Personally, I am in the latter camp. Humans are part of nature and always have been before and after we became homo sapiens. We have a place in the landscape, and we have a role to play in its management. Our role is not to manage for extractive purposes—let’s grow a big forest so we can cut the trees down—or for niche needs—let’s increase habitat for pheasants so more hunters can kill more of them. Our role is to work within an ecosystem in order to increase biodiversity from soil microbes to birds to plants to herbivores to predators and everything in between. I believe in an indigenous approach that recognizes relationship and reciprocity between all beings.

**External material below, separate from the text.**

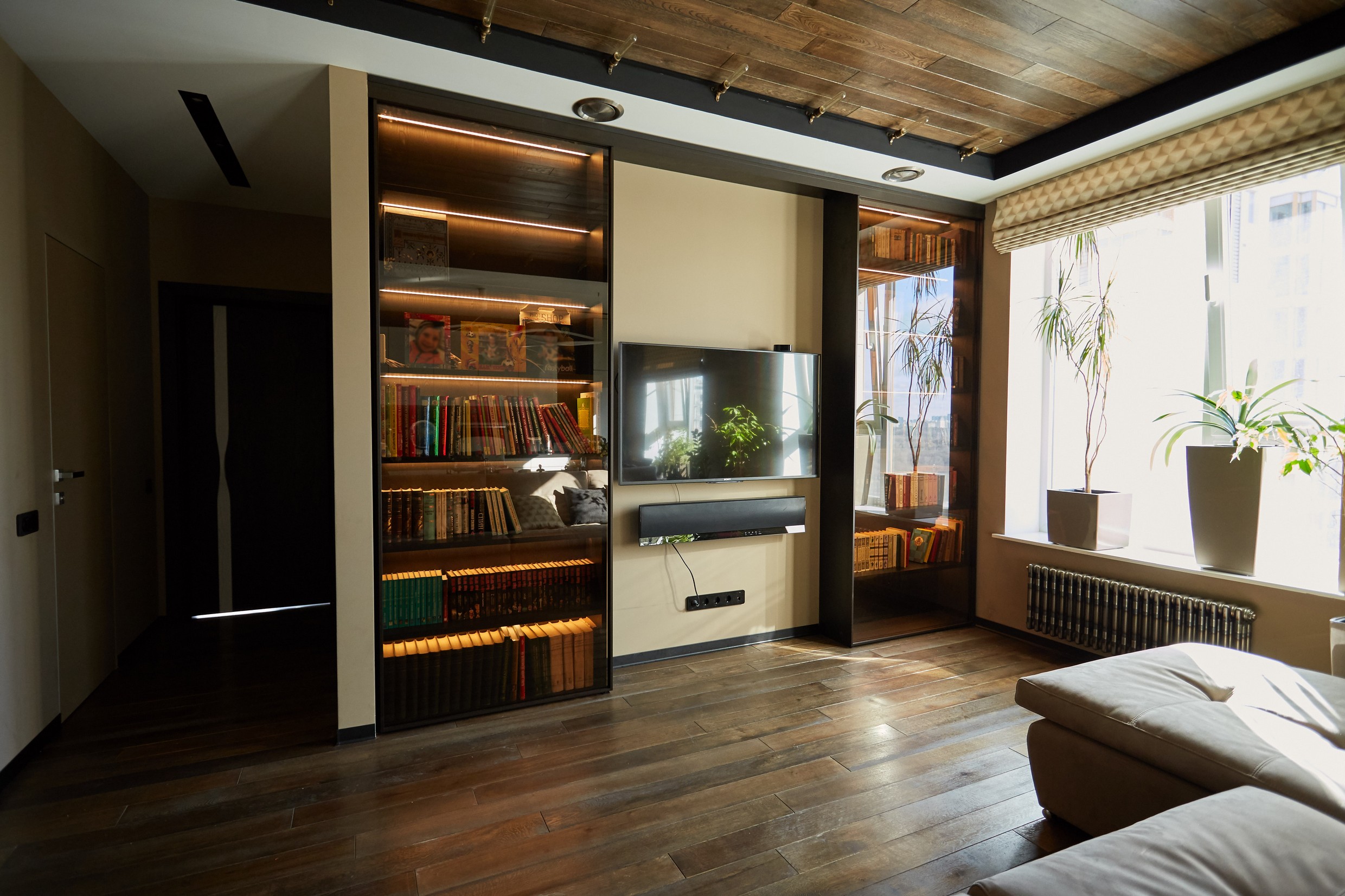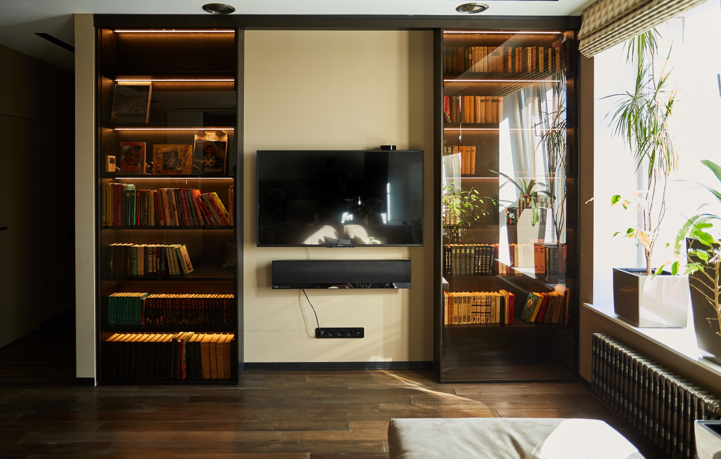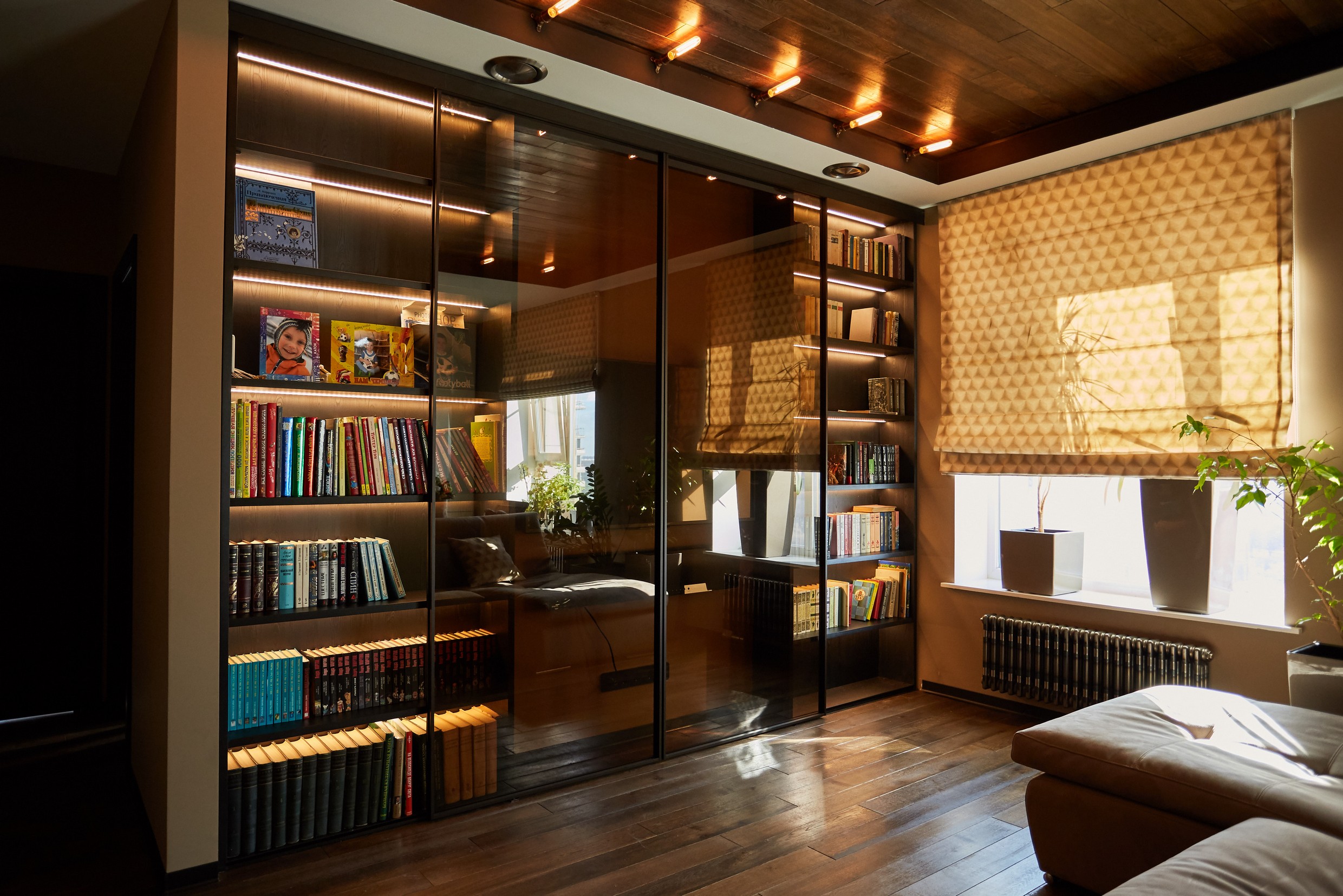 Стильная и современная гостиная в виде встроенного шкафа-купе со стеллажами для книг. Интересное и прагматичное решение. Благодаря большим дверям из тонированного стекла имеется возможность зонирования гостиной, а также уменьшить количество пыли, оседаемой на книгах и ТВ. Особый шарм и пикантность композиции добавляют расположенные в полках для книг, а также в верхнем колпаке шкафа-купе. В такой обстановке будет очень уютно просмотр любимого семейного фильма.

The people who think wildness means no humans are misguided. Some of the most breathtaking landscapes in the United States that are now national parks—Yosemite and Yellowstone for instance—were long time homes to a good many indigenous people who were then forcibly removed from the area when the government decided to preserve the “wild” for the use of white people only. Wildness without humans also perpetuates the belief that humans are not part of nature, that we are unnatural, and that the only place for us there is as visitors. It deprives of us of relationship and reciprocity and keeps us from seeing that wherever we are, we are in nature.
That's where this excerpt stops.